Muscles of the Human Body
The human body consists of three major muscle types: cardiac, smooth and skeletal.
Cardiac muscle (also known as myocardium) is an involuntary, striated muscle located only in the heart. It is responsible for keeping your heart pumping with the help of pacemaker cells which pass along signals from your nervous system.
Smooth muscles are also involuntary. They are present in the walls of hollow organs and vessels such as the stomach, intestines, bladder, arteries and veins. Smooth muscles facilitate essential daily functions such as contracting your intestines during digestion and contracting the bladder wall to expel urine.
Skeletal muscles, surround and support our skeleton and move our bones. Skeletal muscles are voluntary muscles, meaning we control the movements these muscles make. There are several types of skeletal muscles, discussed below.
Types of Skeletal Muscle
Circular muscles are striated muscles that form a circular shape. Examples of circular muscles are the orbicularis oris, the muscle surrounding the mouth, and the orbicularis oculi, the muscles surrounding the eyes.
Parallel muscles are typically long, thin muscles which do not have much strength. The sartorius muscle, which runs down the thigh to the knee is a sample of a parallel muscle.
Convergent muscles are fan-like, triangular-shaped muscles that attach to a fixed bone. An example of a convergent muscle is the pectoralis major, the breast muscle situated on the chest.
Fusiform muscles are spindle-shaped muscle with an expanded muscle belly (the widest part of a muscle). An example of a fusiform muscle is the biceps brachii, which flexes the elbow and supinates the forearm.
Pennate muscles (also known as penniform muscles) are feather-like muscles whose muscle fibres attach in a slanted position to the tendon.
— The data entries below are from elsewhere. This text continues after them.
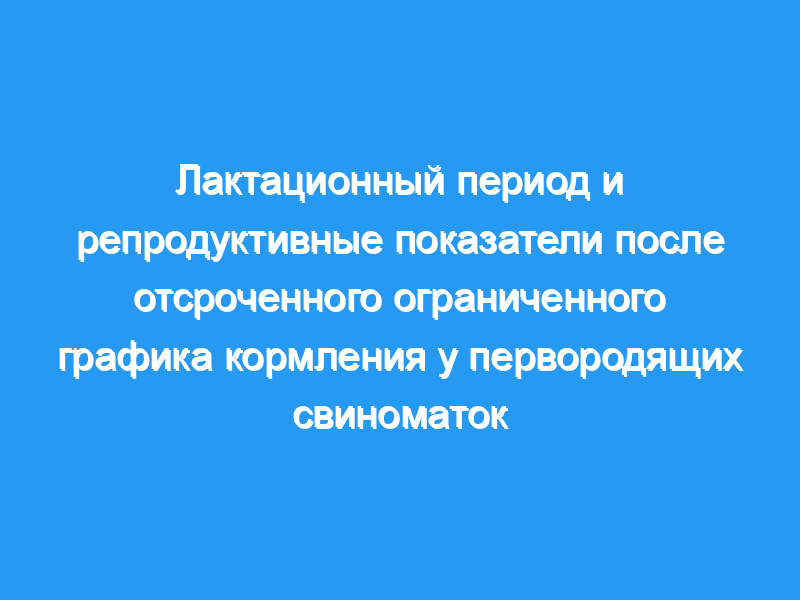 Обработка не повлияла на последующий размер помета, хотя численно он был ниже для IS21 (P >, 0,05). Настоящее исследование показало, что у современных первородящих свиноматок может быть индуцирована лактационная эструс, и беременность может поддерживаться с той же скоростью и производить сопоставимые последующие размеры помета по сравнению с обычными отлученными от груди свиноматками, когда ИС начинается через четыре недели после опороса.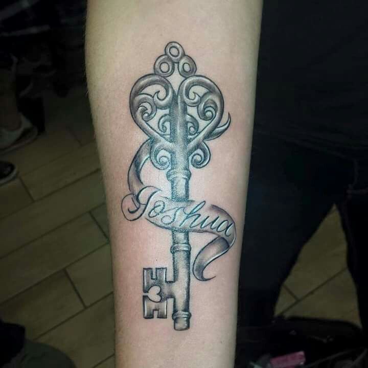 This design has such a sweet, elegant rhythm to it. The heart-like top gives the key a romantic softness, and then the name woven through the stem turns it into something unmistakably personal. It feels like a love note, but cleaner and more stylish than anything overly decorative. There’s a quiet charm in the way the script flows with the structure instead of fighting it, which makes the tattoo feel intentional and feminine without being fussy. If you like key tattoo ideas that hold onto emotion but still look polished enough for everyday life, this one really nails that balance. It’s affectionate, graceful, and easy to connect with.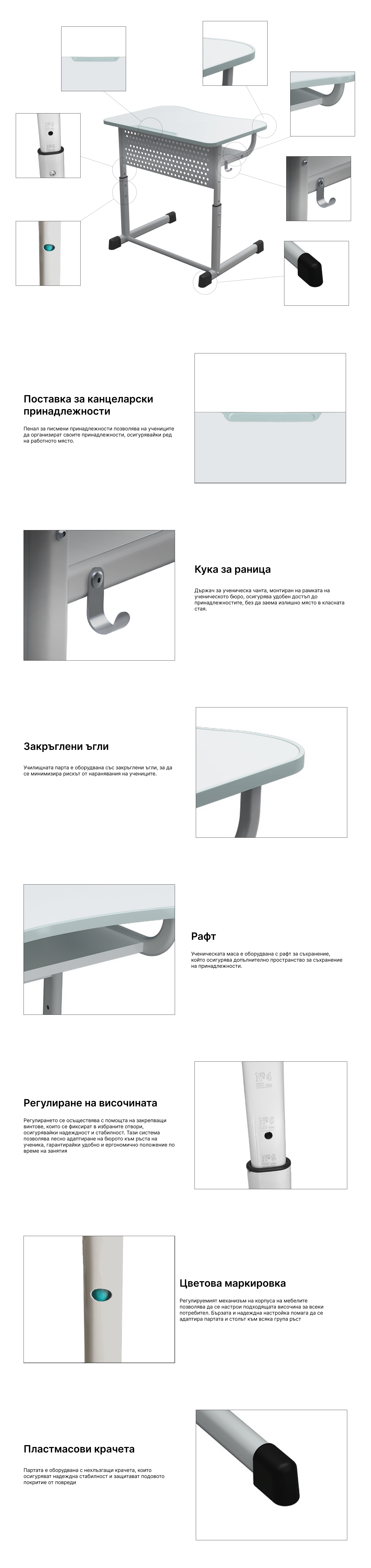 - Ученическото бюро е оборудвано с полица за съхранение на вещи и с кука отстрани на рамката за раница.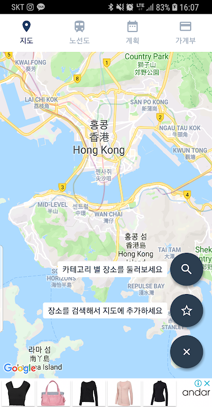 - 지도 (홍콩 지도, 지도 탐색 및 장소 저장)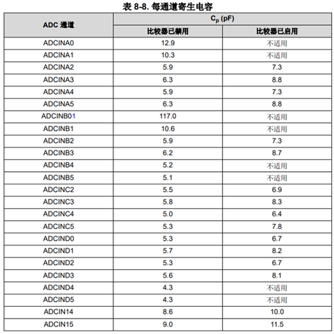 请查看zhcsc63o_TMS320F2837xD 双核微控制器 datasheet (Rev. O)第110页8.10.1.2.6.2 单端输入模型参数的表 8-8. 每通道寄生电容

There are three subdivisions of pennate muscles: unipennate, bipennate and multipennate.
Unipennate muscles are muscles whose fibres attach to one side of the tendon. An example of this muscle is the extensor digitorum longus, found in the lateral, lower leg.
Bipennate muscles have two attachment sites, on opposite sides of a central tendon. The rectus femoris is a bipennate, quadriceps muscle that flexes the hip.
Multipennate muscles involve multiple rows of muscle fibres whose central tendon branches into two or more tendons. The deltoid, the large muscle that lies over the shoulder joint, is an example of a multipennate muscle and can be broken down into the anterior deltoid, lateral deltoid, and posterior deltoid.